Assigned task
Using the data below, reproduce exactly the lines from the line with "Sâmbătă, ne așteaptă" to the line with "유난히 길다는 이번 여름을", both included; pictures must be dropped.

Records provided
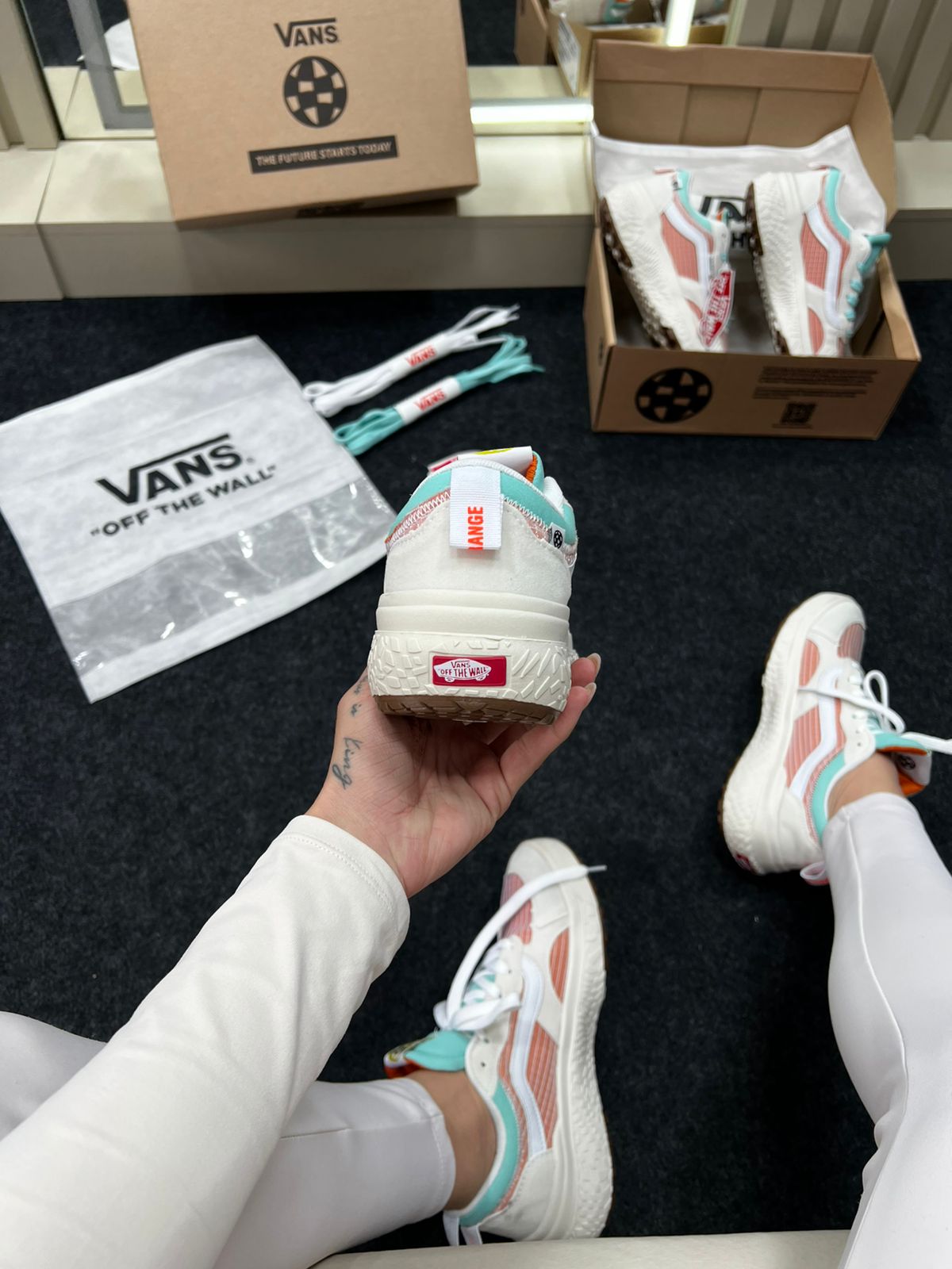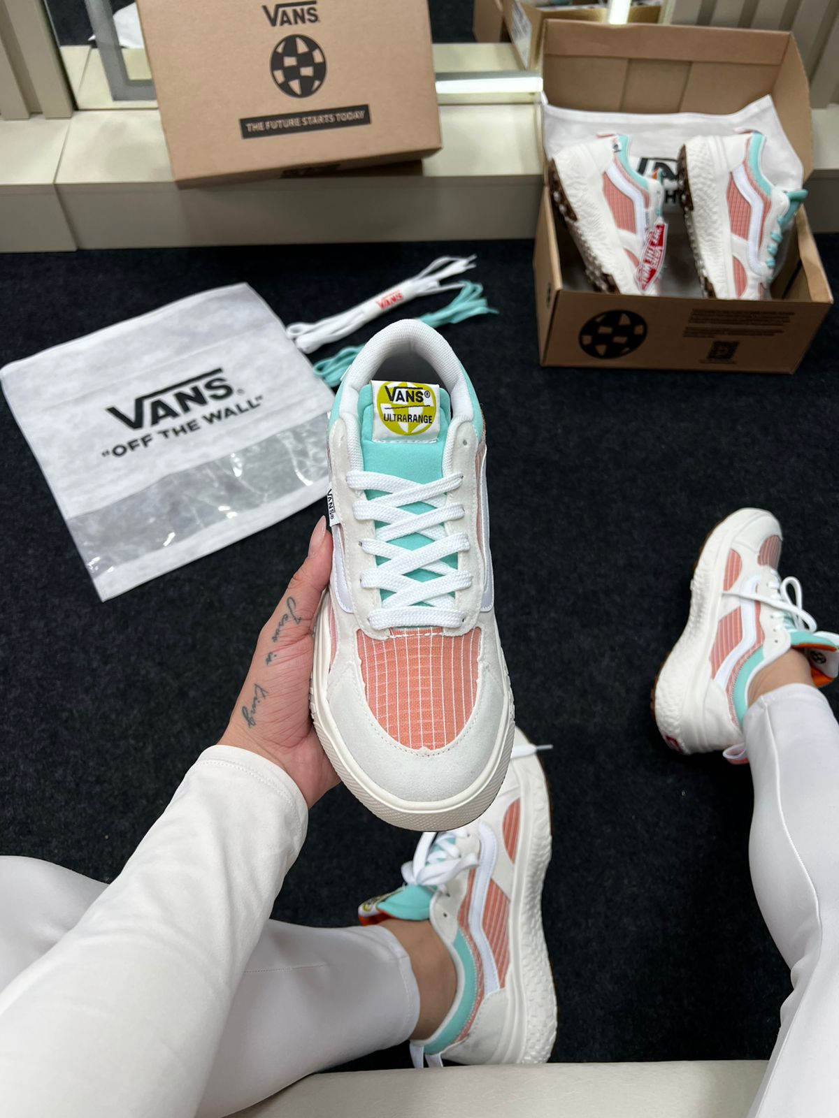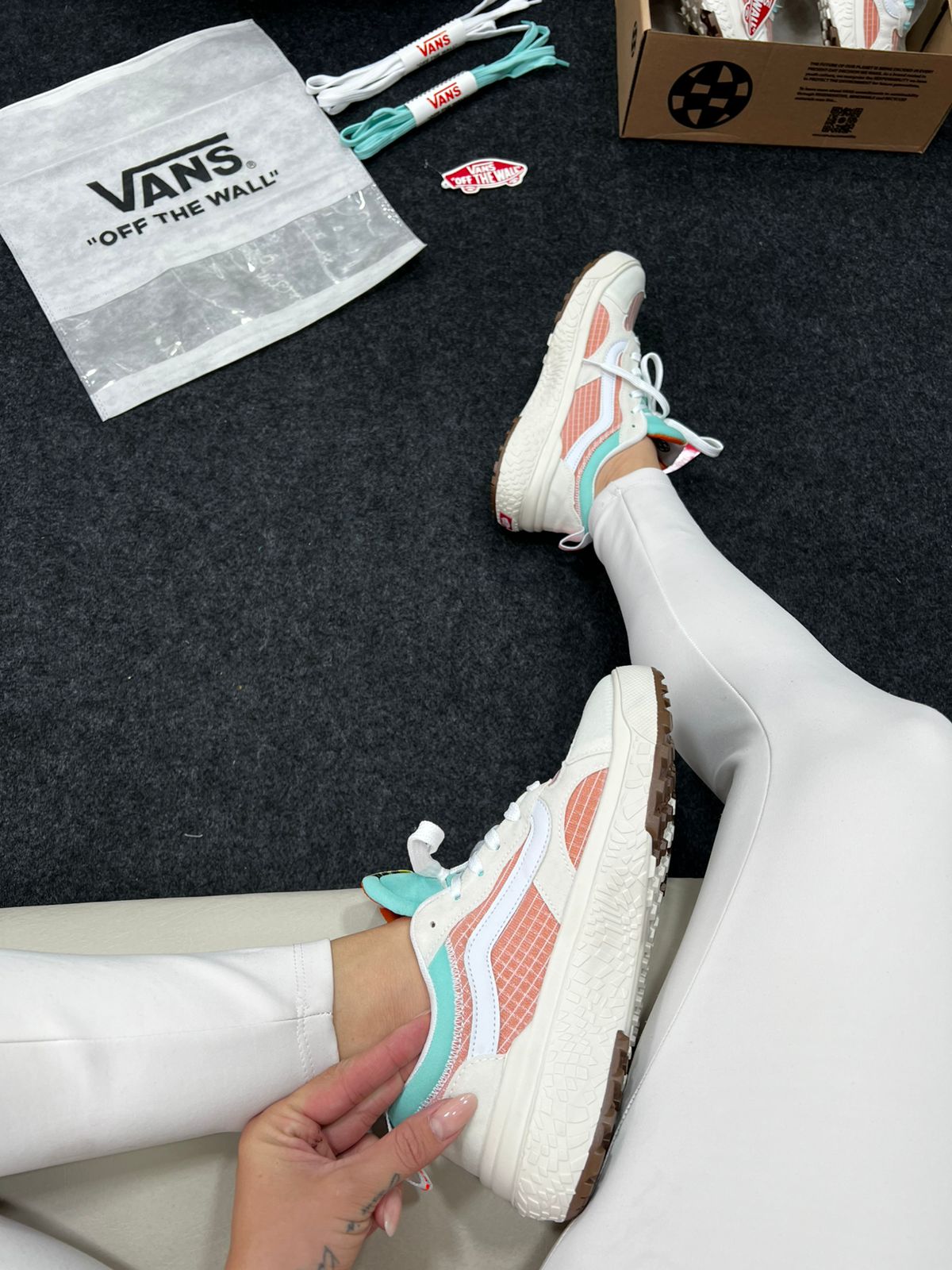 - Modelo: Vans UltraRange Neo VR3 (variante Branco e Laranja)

--

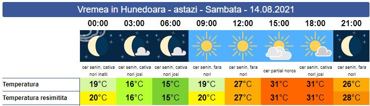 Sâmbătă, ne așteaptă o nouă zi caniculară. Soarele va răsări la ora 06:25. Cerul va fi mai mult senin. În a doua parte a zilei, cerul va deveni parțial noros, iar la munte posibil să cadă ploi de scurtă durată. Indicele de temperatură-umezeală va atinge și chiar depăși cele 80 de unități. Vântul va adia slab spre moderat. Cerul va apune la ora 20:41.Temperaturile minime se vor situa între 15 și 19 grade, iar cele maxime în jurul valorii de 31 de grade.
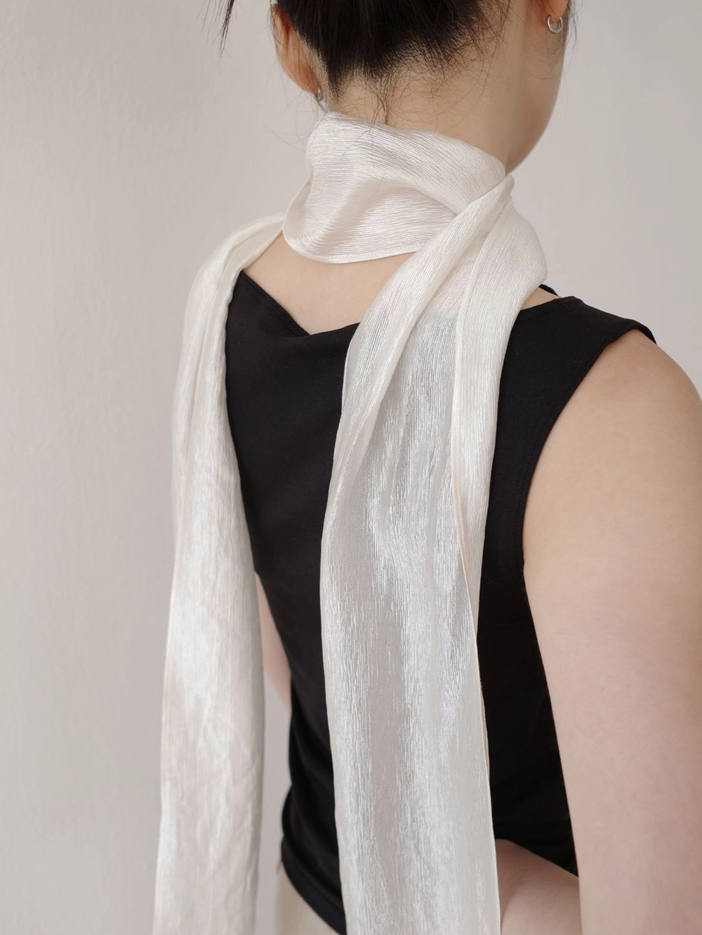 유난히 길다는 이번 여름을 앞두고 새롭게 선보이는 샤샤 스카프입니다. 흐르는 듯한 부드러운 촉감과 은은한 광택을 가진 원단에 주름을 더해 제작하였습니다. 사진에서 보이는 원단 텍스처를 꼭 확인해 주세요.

Output
 Sâmbătă, ne așteaptă o nouă zi caniculară. Soarele va răsări la ora 06:25. Cerul va fi mai mult senin. În a doua parte a zilei, cerul va deveni parțial noros, iar la munte posibil să cadă ploi de scurtă durată. Indicele de temperatură-umezeală va atinge și chiar depăși cele 80 de unități. Vântul va adia slab spre moderat. Cerul va apune la ora 20:41.Temperaturile minime se vor situa între 15 și 19 grade, iar cele maxime în jurul valorii de 31 de grade.
 유난히 길다는 이번 여름을 앞두고 새롭게 선보이는 샤샤 스카프입니다. 흐르는 듯한 부드러운 촉감과 은은한 광택을 가진 원단에 주름을 더해 제작하였습니다. 사진에서 보이는 원단 텍스처를 꼭 확인해 주세요.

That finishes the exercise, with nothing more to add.